[[ Supplied information open ]]

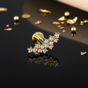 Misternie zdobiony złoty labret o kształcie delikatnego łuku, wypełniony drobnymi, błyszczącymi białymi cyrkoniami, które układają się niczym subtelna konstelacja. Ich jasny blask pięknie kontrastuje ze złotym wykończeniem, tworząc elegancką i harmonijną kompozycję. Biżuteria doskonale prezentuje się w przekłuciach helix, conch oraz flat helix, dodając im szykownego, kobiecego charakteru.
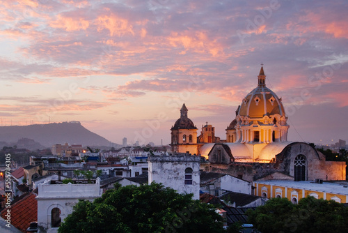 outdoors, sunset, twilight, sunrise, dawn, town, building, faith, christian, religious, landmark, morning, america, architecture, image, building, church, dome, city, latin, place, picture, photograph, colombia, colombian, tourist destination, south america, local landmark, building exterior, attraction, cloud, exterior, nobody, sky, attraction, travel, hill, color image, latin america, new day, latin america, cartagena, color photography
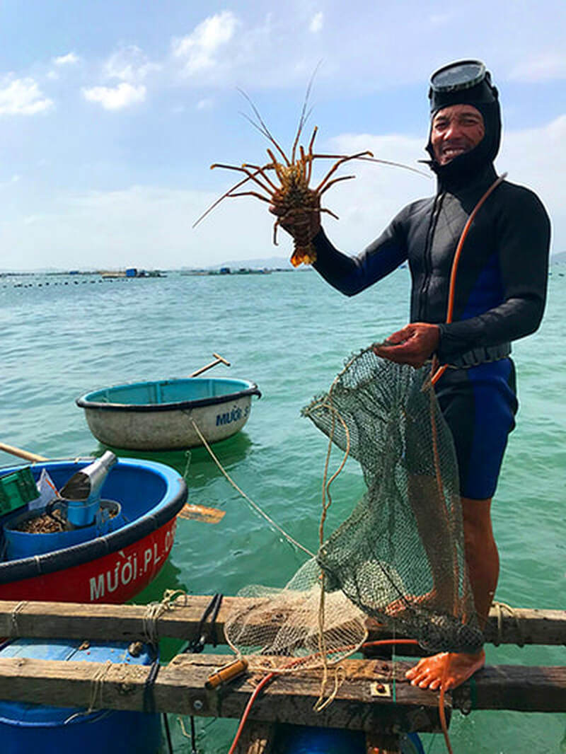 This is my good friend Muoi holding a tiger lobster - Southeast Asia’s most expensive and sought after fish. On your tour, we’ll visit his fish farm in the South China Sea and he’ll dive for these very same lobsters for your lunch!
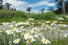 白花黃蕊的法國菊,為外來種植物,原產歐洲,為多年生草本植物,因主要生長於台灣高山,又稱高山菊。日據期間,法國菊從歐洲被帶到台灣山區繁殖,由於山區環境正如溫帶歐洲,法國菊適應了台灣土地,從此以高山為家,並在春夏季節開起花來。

[[ Supplied information closed ]]

### Activity
Through the line containing "cartagena, color photography" and no further, restate the data above word for word from its first line, leaving out pictures.

### Completed task
 Misternie zdobiony złoty labret o kształcie delikatnego łuku, wypełniony drobnymi, błyszczącymi białymi cyrkoniami, które układają się niczym subtelna konstelacja. Ich jasny blask pięknie kontrastuje ze złotym wykończeniem, tworząc elegancką i harmonijną kompozycję. Biżuteria doskonale prezentuje się w przekłuciach helix, conch oraz flat helix, dodając im szykownego, kobiecego charakteru.
 outdoors, sunset, twilight, sunrise, dawn, town, building, faith, christian, religious, landmark, morning, america, architecture, image, building, church, dome, city, latin, place, picture, photograph, colombia, colombian, tourist destination, south america, local landmark, building exterior, attraction, cloud, exterior, nobody, sky, attraction, travel, hill, color image, latin america, new day, latin america, cartagena, color photography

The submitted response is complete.